> **Task statement**
Exclude the pictures. Transcribe, exactly as written, the lines from the one with "Чёрная анальная пробка" through the end of the entries below.

Records contained in a dataset
-=-=-

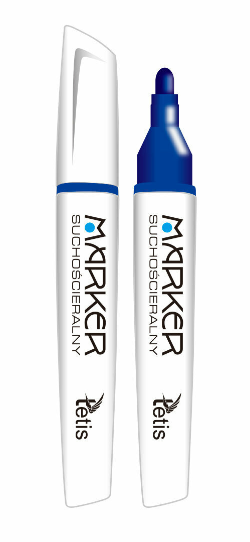 Suchościeralny, niebieski marker od firmy TETIS. Jest szybkoschnący i łatwy do starcia z większości powierzchni. Tusz jest nietoksyczny, wykonany na bazie alkoholu. Dzięki trójkątnemu, ergonomicznemu wyprofilowaniu dobrze trzyma się go w dłoni, co zapewnia komfort pisania. Pisak posiada zatyczkę.Cena za 1 sztukę (1 marker).Grubość linii pisania: 3mmKońcówka: stożkowaOpakowanie zbiorcze: pudełeczko z nadrukiemWymiary opakowania zbiorczego: 11x4x14cm
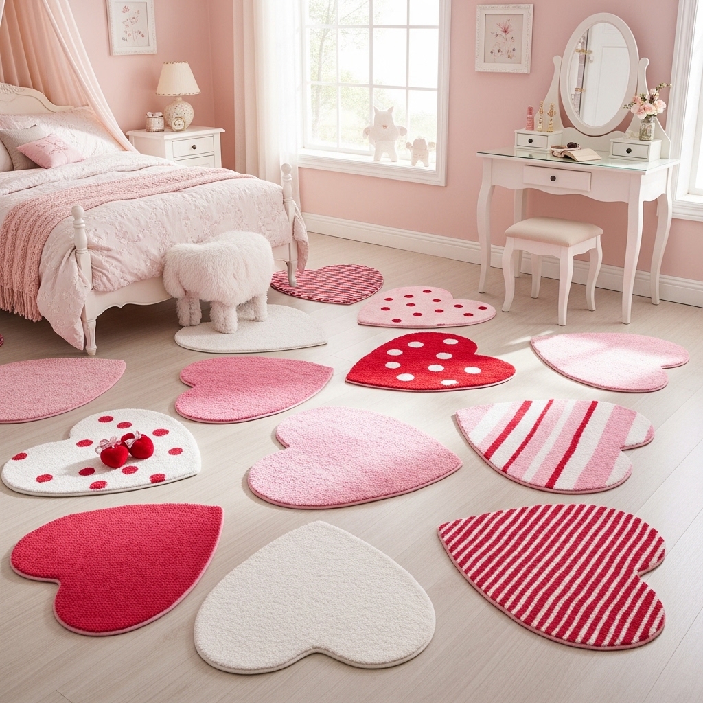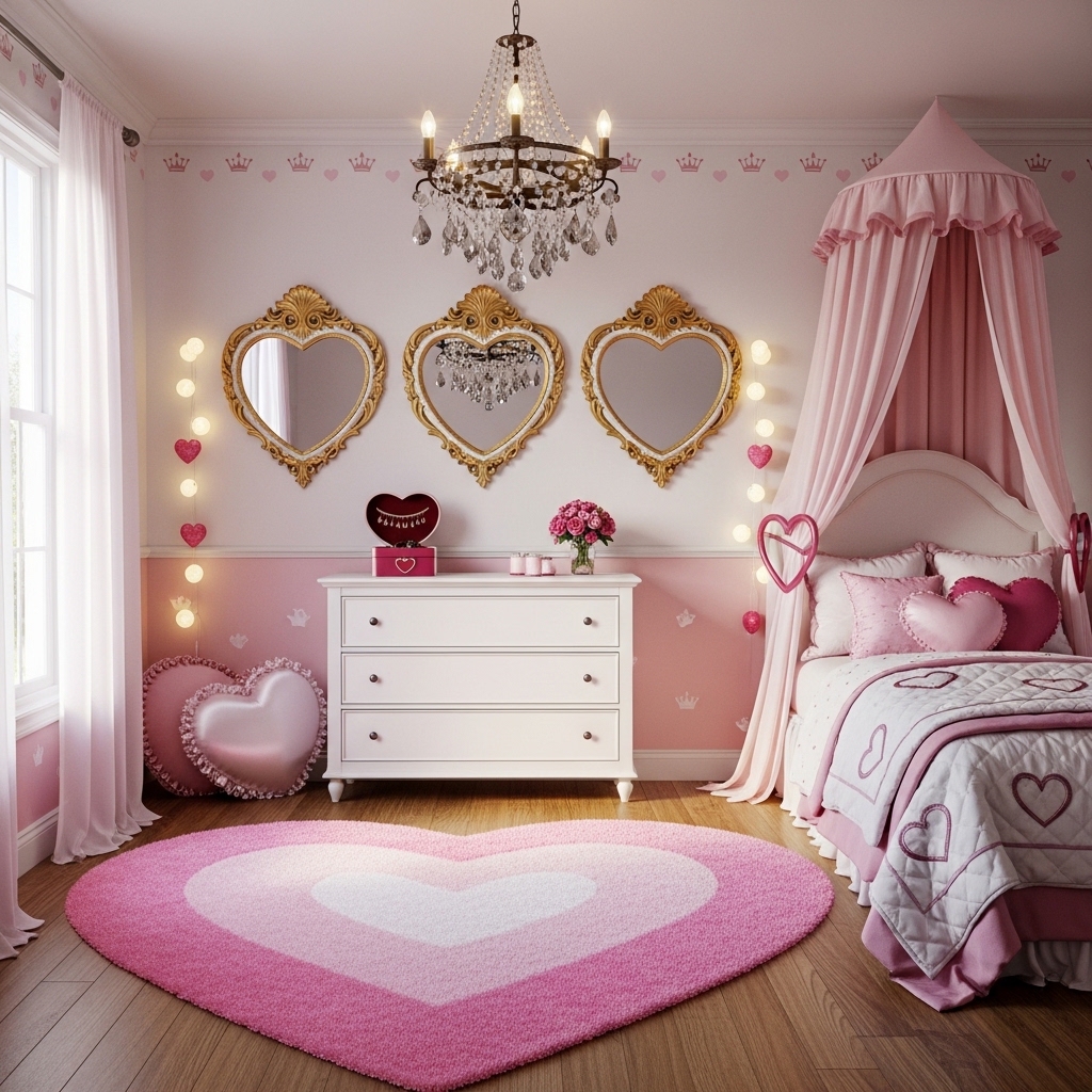 A heart-shaped rug adds warmth and softness to the bedroom floor while reinforcing the theme. Placing the rug near the bed or play area creates a comfortable spot for reading or playing.
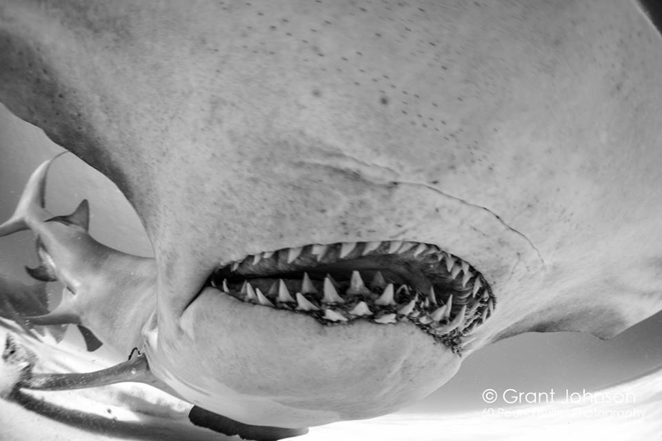 Of all the words that have been devalued and diminished by overuse over the last decade, ‘AWESOME!!!’ must rank high in the top 10. Maybe it’s even made it to number 1. Awesome! Even in the wildest reaches of hyperbole, the offer of a Kalik can never truly be awesome. Nor can a kind and delightful gift. There’s no need to add more examples, because the photos that follow show something that really is awesome in it’s true meaning: the giant hammerhead shark at close – and very close – quarters. Grant Johnson takes astounding wildlife photos in Bimini and far beyond. Take the time to have a look at his page ’60 POUND BULLET’. Now let’s move on to ‘awesomely awesome…’
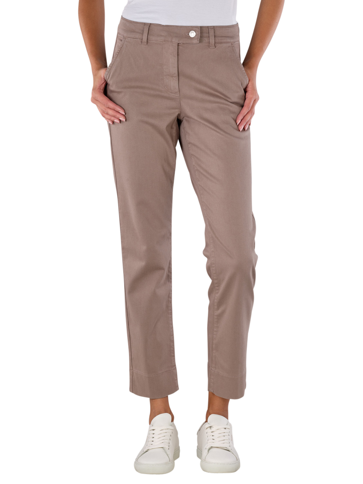Die Vera Chino Winter Cotton Truffle ist eine stilvolle Chino-Hose für Frauen in elegantem Braun. Mit ihrem geraden Beinausschnitt und der mittleren Bundhöhe bietet sie einen klassischen Straight Fit. Der Stoff vereint Lyocell, Modal und Baumwolle, was zusammen mit einem Stretchanteil für komfortablen Sitz sorgt. Die Hose hat eine Standarddicke und wird bequem mit einem Reissverschluss geschlossen.
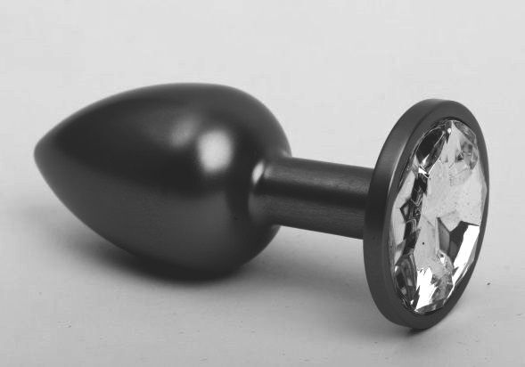 Чёрная анальная пробка с прозрачным стразом - 7,6 см.
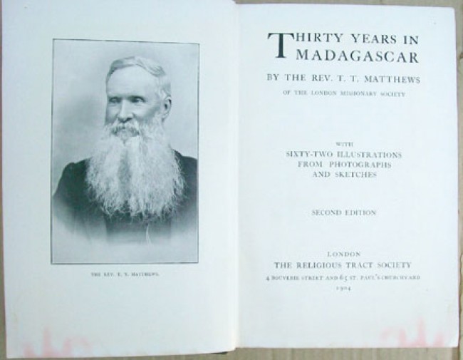 3): Matthews, The Rev. T.T.: \"Thirty Years in Madagascar.\" Original green cloth binding with gilt titling on the spine and the upper board, which has a title panel. 384 pages, 62 black and white photographic plates, map of Madagascar. Second edition published by the Religious Tract Society, London, 1904. The binding is a bit worn and the title page and frontis have a stain on the bottom edge. Pen name on front paste down.
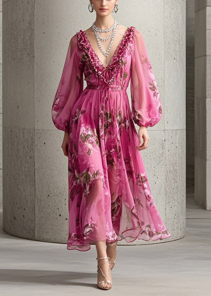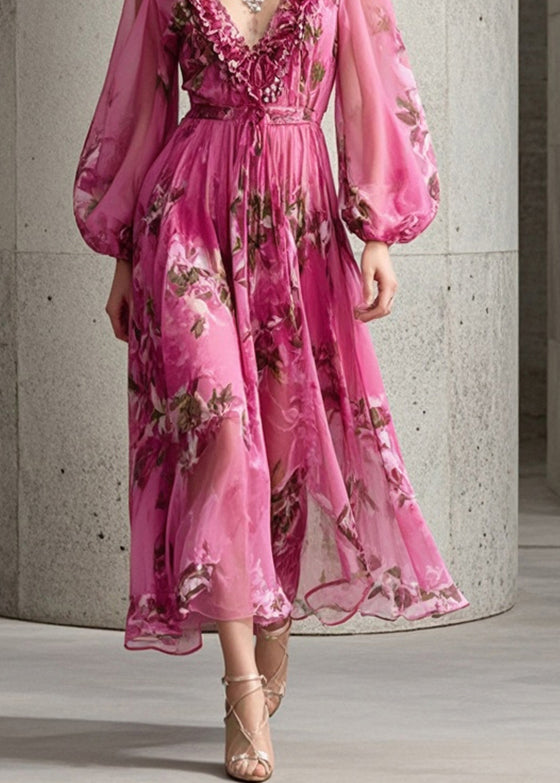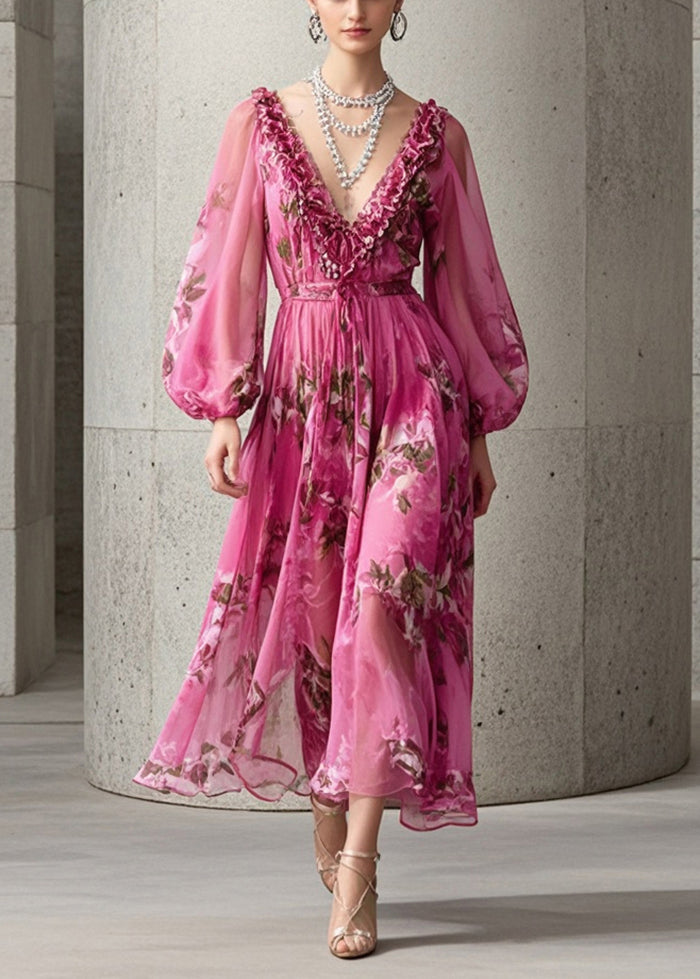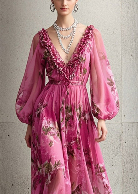 Handmade Rose Ruffled Print Chiffon Maxi Dress Fall

-=-=-

> **Response**
 Чёрная анальная пробка с прозрачным стразом - 7,6 см.
 3): Matthews, The Rev. T.T.: \"Thirty Years in Madagascar.\" Original green cloth binding with gilt titling on the spine and the upper board, which has a title panel. 384 pages, 62 black and white photographic plates, map of Madagascar. Second edition published by the Religious Tract Society, London, 1904. The binding is a bit worn and the title page and frontis have a stain on the bottom edge. Pen name on front paste down.
 Handmade Rose Ruffled Print Chiffon Maxi Dress Fall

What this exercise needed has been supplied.